Collected data -
- - -

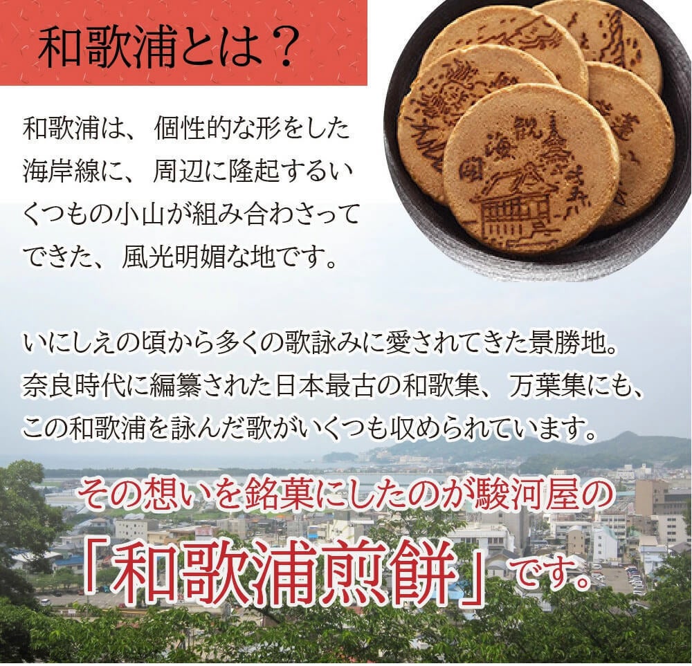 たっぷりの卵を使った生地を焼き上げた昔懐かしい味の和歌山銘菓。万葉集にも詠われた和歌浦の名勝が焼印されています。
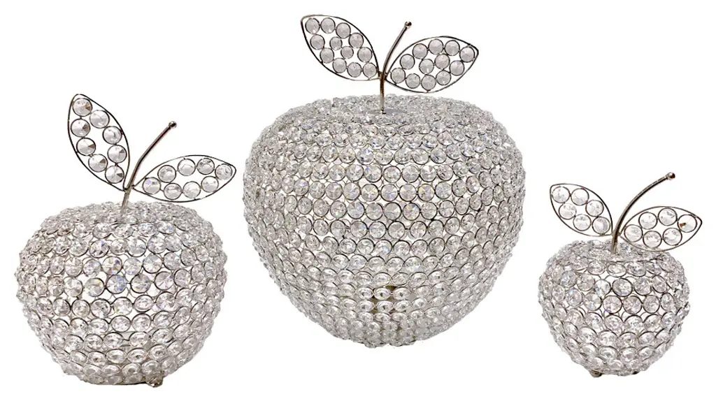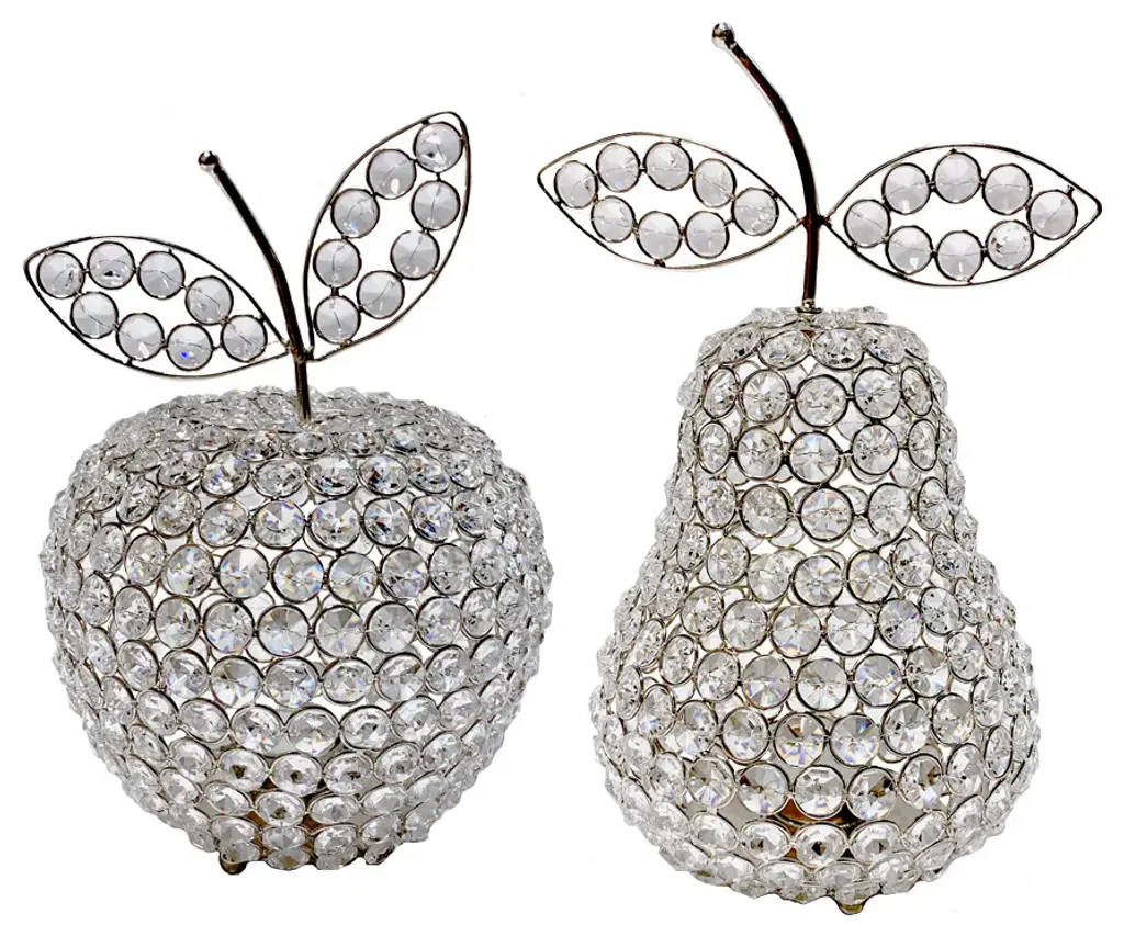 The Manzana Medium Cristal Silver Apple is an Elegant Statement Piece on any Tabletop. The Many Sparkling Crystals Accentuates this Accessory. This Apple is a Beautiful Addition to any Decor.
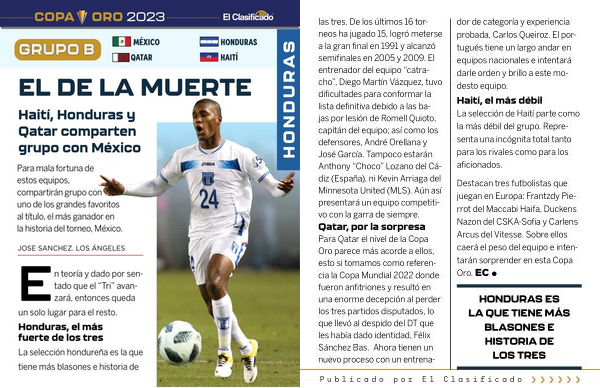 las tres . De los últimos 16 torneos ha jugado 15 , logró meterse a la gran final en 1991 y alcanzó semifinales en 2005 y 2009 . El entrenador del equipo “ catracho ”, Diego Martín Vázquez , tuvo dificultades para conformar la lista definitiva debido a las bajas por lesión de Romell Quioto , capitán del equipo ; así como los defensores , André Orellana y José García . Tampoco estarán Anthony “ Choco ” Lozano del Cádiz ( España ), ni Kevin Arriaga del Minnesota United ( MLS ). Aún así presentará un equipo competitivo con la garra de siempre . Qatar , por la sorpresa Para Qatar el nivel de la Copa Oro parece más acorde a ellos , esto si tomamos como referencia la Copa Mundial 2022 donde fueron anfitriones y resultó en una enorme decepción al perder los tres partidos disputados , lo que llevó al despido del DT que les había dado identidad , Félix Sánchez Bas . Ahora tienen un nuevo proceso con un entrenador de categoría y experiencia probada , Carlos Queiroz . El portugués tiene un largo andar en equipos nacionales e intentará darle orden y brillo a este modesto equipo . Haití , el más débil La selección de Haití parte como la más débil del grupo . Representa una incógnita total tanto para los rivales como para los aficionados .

- - -

Would you restate word for word only the lines from the one containing "The Manzana Medium" to the final line of the material, both ends included, without any pictures?

Response area -
 The Manzana Medium Cristal Silver Apple is an Elegant Statement Piece on any Tabletop. The Many Sparkling Crystals Accentuates this Accessory. This Apple is a Beautiful Addition to any Decor.
 las tres . De los últimos 16 torneos ha jugado 15 , logró meterse a la gran final en 1991 y alcanzó semifinales en 2005 y 2009 . El entrenador del equipo “ catracho ”, Diego Martín Vázquez , tuvo dificultades para conformar la lista definitiva debido a las bajas por lesión de Romell Quioto , capitán del equipo ; así como los defensores , André Orellana y José García . Tampoco estarán Anthony “ Choco ” Lozano del Cádiz ( España ), ni Kevin Arriaga del Minnesota United ( MLS ). Aún así presentará un equipo competitivo con la garra de siempre . Qatar , por la sorpresa Para Qatar el nivel de la Copa Oro parece más acorde a ellos , esto si tomamos como referencia la Copa Mundial 2022 donde fueron anfitriones y resultó en una enorme decepción al perder los tres partidos disputados , lo que llevó al despido del DT que les había dado identidad , Félix Sánchez Bas . Ahora tienen un nuevo proceso con un entrenador de categoría y experiencia probada , Carlos Queiroz . El portugués tiene un largo andar en equipos nacionales e intentará darle orden y brillo a este modesto equipo . Haití , el más débil La selección de Haití parte como la más débil del grupo . Representa una incógnita total tanto para los rivales como para los aficionados .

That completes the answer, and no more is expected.